The required output is the stretch from the line containing "font= ('Helvetica 15" through the line containing "Esta Camiseta es" in the records below, unaltered and with no pictures.

Start of Record excerpts

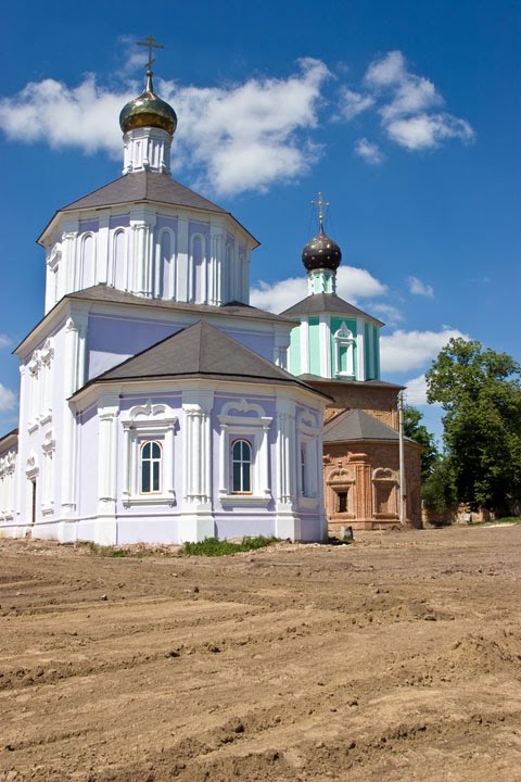 Когда-то в Рыльске Курской области насчитывалось до 20 церквей, сейчас остались три, действующих два храма – яркие достопримечательности Рыльска, вызывающие неподдельный интерес у приезжих гостей городка. В их архитектуре просматривается общая черта – угловые колонны колоколен сооружались группами по три, что характерно для зодчества XVII столетия. Высказывались предположения, что все они возводились одним неизвестным архитектором, очень талантливым и скорее всего местным.
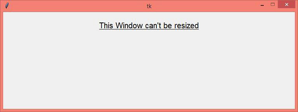Label(win, text= "This Window can't be resized", font= ('Helvetica 15
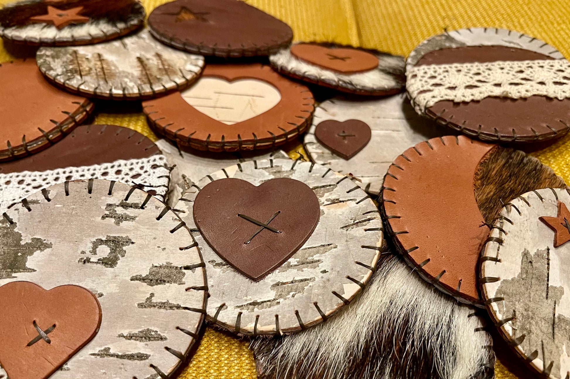 Leather - cow , hair on cow hide , birch bark
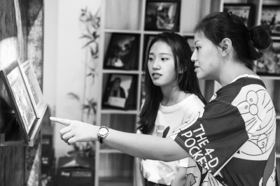6月27日,佘娅(左)在贵阳诚善助老慈善公益服务中心内与同事一起讨论工作细节。
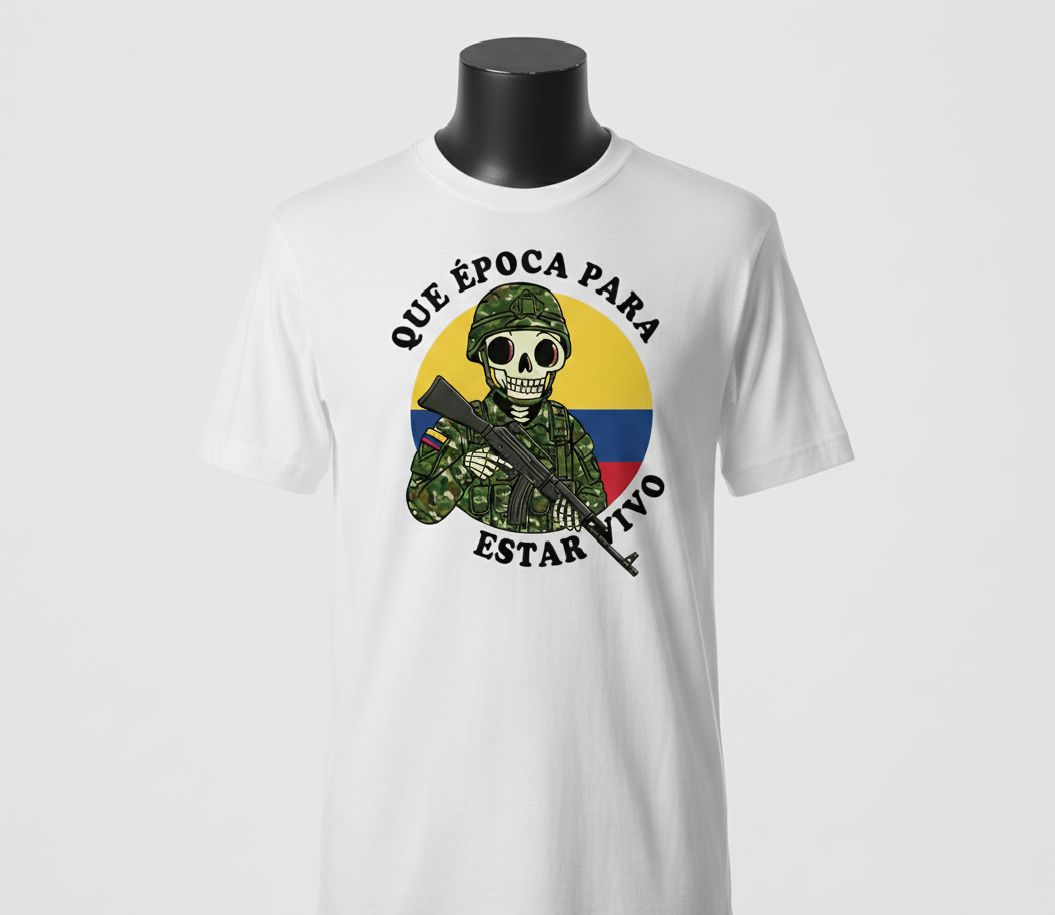 Esta Camiseta es un homenaje y busca expresar la valentía de nuestros soldados Colombianos por medio de la frase «que época para estar vivo» con varias interpretaciones, las cuales expresan varios significados.
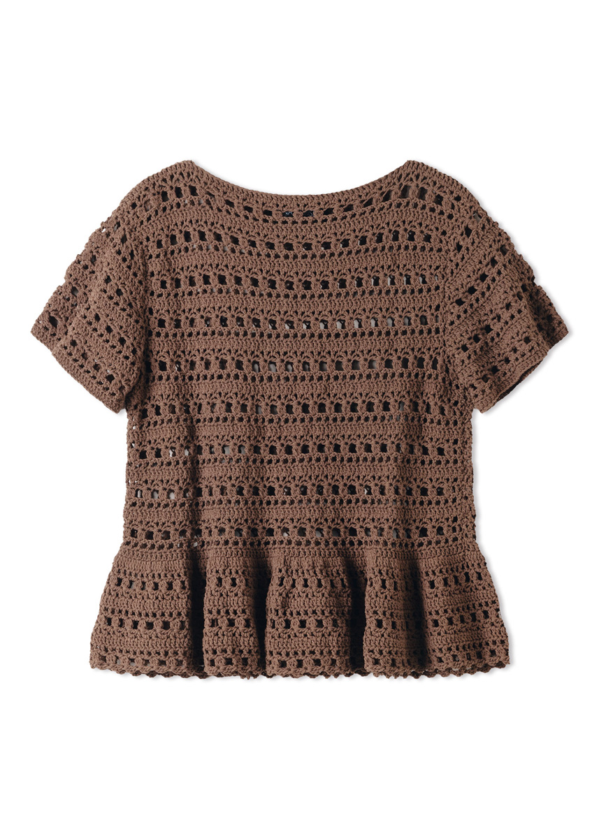 Lana Grossa-kvalitet ”Gioia” (75 % bomuld, 25 % polyamid (genanvendt), løbelængde ca. 110 m/50 g): ca. 450 (500 - 550 - 600) g mørkebrun (farve 17); hæklenål nr. 3½.

End of Record excerpts

• _Answer section_
Label(win, text= "This Window can't be resized", font= ('Helvetica 15
 Leather - cow , hair on cow hide , birch bark
6月27日,佘娅(左)在贵阳诚善助老慈善公益服务中心内与同事一起讨论工作细节。
 Esta Camiseta es un homenaje y busca expresar la valentía de nuestros soldados Colombianos por medio de la frase «que época para estar vivo» con varias interpretaciones, las cuales expresan varios significados.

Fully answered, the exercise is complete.